Give the data again exactly as written, skipping any pictures.

Available data =>
··········

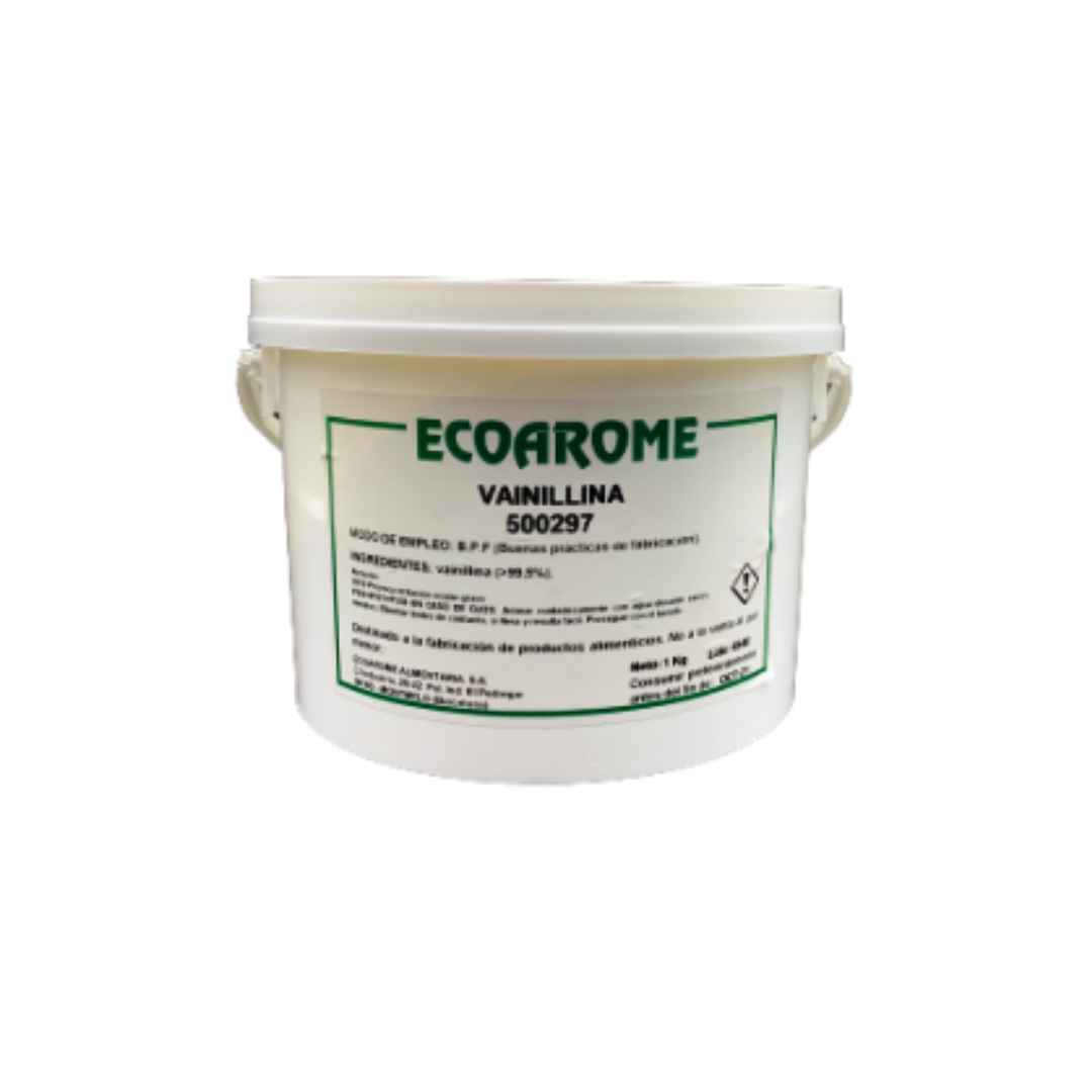 La vainilla en polvo cristalizada o vainillina, es de aspecto polvoriento blanco brillante y cristalino. Tiene un aroma y sabor similar a la vainilla natural y es muy utilizado en repostería.
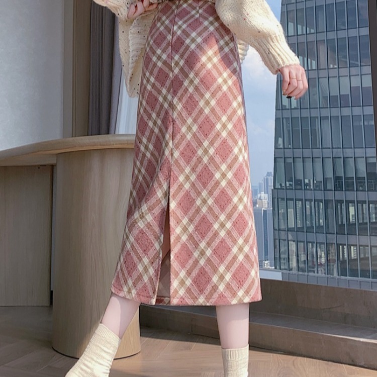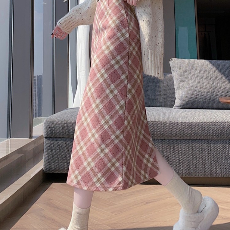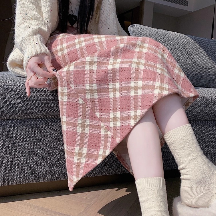 设计师款 佐丹奴高腰裙子女拼接格纹下摆松紧腰半身长裙女18465820
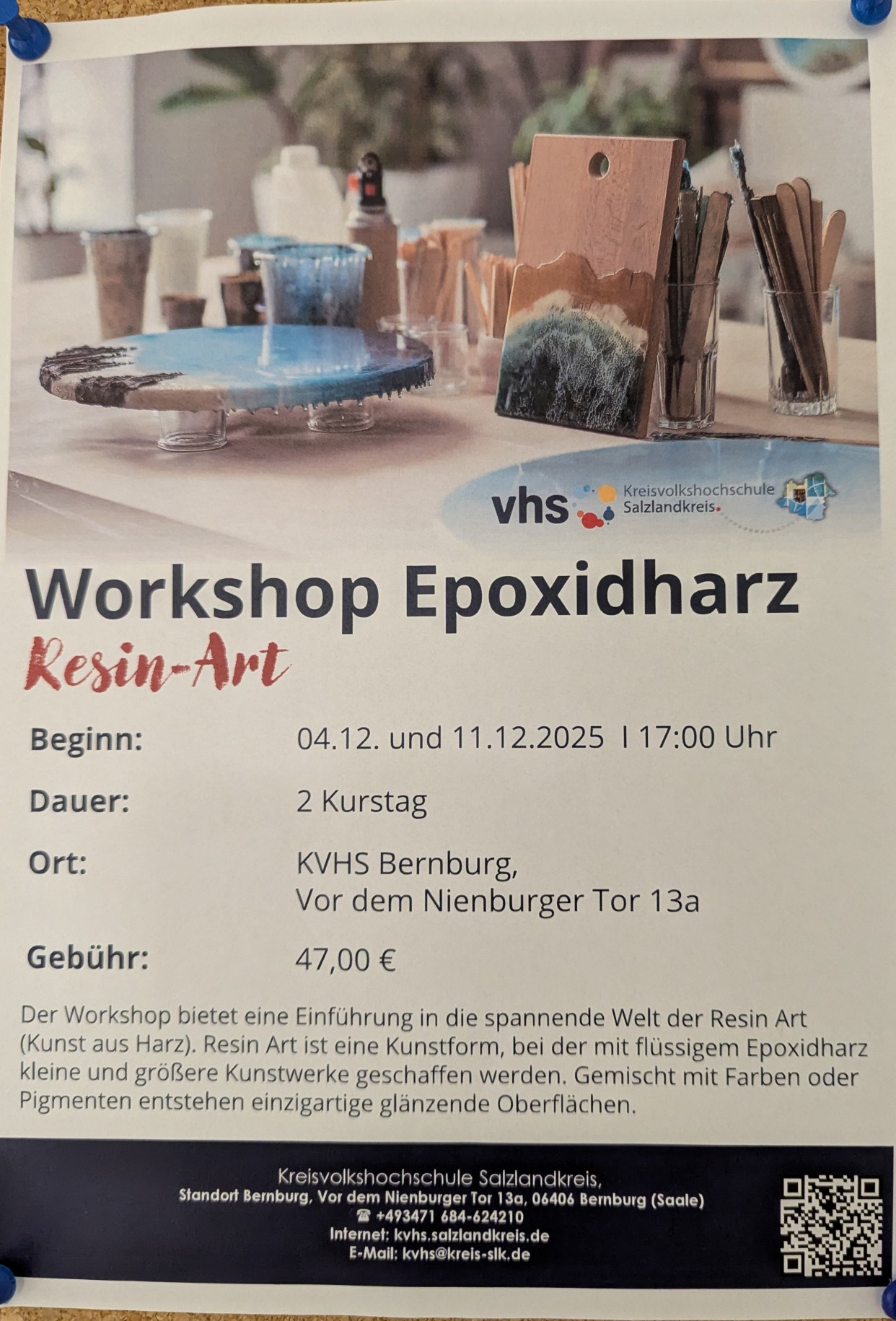 An der Kreisvolkshochschule gab es einen zweitägigen Workshop Epoxidharz.

··········

Finished task =>
 La vainilla en polvo cristalizada o vainillina, es de aspecto polvoriento blanco brillante y cristalino. Tiene un aroma y sabor similar a la vainilla natural y es muy utilizado en repostería.
 设计师款 佐丹奴高腰裙子女拼接格纹下摆松紧腰半身长裙女18465820
 An der Kreisvolkshochschule gab es einen zweitägigen Workshop Epoxidharz.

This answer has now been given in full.